SAM-Mamba: Mamba Guided SAM Architecture for Generalized Zero-Shot Polyp Segmentation

TL;DR

Colorectal polyp segmentation is hampered by variable polyp morphology and boundary ambiguity, limiting traditional CNN/ViT approaches. The authors propose SAM-Mamba, which freezes the SAM image encoder and adds a Mamba-Prior module (Multi-scale Spatial Decomposition, Channel Saliency and Context Accumulation, and Mamba Channel Interaction) plus adapters to inject polyp-domain cues and enhance transferability, with a two-stage training objective . Across five benchmark datasets, SAM-Mamba achieves state-of-the-art or competitive results, with strong zero-shot generalization to unseen datasets, demonstrating practical potential for real-time clinical use. The work highlights how domain-aware priors and long-range dependency modeling can substantially improve generalized segmentation performance when leveraging a powerful foundation model like SAM.

Abstract

Polyp segmentation in colonoscopy is crucial for detecting colorectal cancer. However, it is challenging due to variations in the structure, color, and size of polyps, as well as the lack of clear boundaries with surrounding tissues. Traditional segmentation models based on Convolutional Neural Networks (CNNs) struggle to capture detailed patterns and global context, limiting their performance. Vision Transformer (ViT)-based models address some of these issues but have difficulties in capturing local context and lack strong zero-shot generalization.

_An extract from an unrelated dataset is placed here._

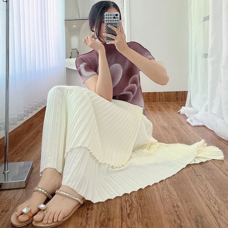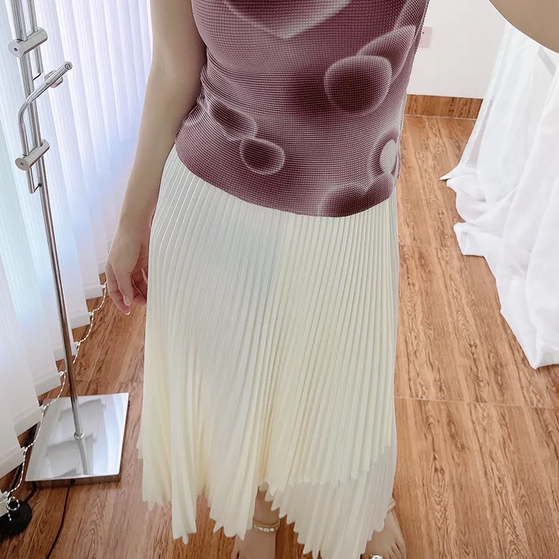 衣都精品- 2023新款百褶鬆緊腰顯瘦不規則褶皺半身裙
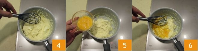 continuez à remuer pour qu'il fonde dans le mélange chaud 4, puis versez un œuf battu 5. Incorporez-le également aux ingrédients 6.

To this end, we propose the Mamba-guided Segment Anything Model (SAM-Mamba) for efficient polyp segmentation. Our approach introduces a Mamba-Prior module in the encoder to bridge the gap between the general pre-trained representation of SAM and polyp-relevant trivial clues. It injects salient cues of polyp images into the SAM image encoder as a domain prior while capturing global dependencies at various scales, leading to more accurate segmentation results. Extensive experiments on five benchmark datasets show that SAM-Mamba outperforms traditional CNN, ViT, and Adapter-based models in both quantitative and qualitative measures. Additionally, SAM-Mamba demonstrates excellent adaptability to unseen datasets, making it highly suitable for real-time clinical use.

Paper Structure

This paper contains 25 sections, 5 equations, 4 figures, 5 tables.

Figures (4)

  • Figure 1: Overview of the SAM-Mamba framework for polyp segmentation. The architecture constitutes the SAM backbone with the Mamba-Prior module and Adapter-based fine-tuning to enhance adaptability for polyp segmentation, addressing challenges like zero-shot feature transfer-ability, computational cost, and prompt dependency in SAM.
  • Figure 2: Qualitative comparison on seen datasets (Kvasir-SEG and CVC-ClinicDB), showcasing the model's ability to accurately segment polyps across diverse sizes, textures, and homogeneous regions.
  • Figure 3: Qualitative comparison on unseen datasets (CVC-300, CVC-ColonDB, and ETIS), highlighting the model's superior generalization capabilities to accurately segment polyps of various sizes, textures, and homogeneous regions.
  • Figure 4: Illustration of the sequence learning progression within the SAM-Mamba model through a set of heatmap visualizations: the input image is followed by a set of encoder extracted features, the encoder's extracted mask, the decoder refined features, the refined segmentation mask, and the ground truth.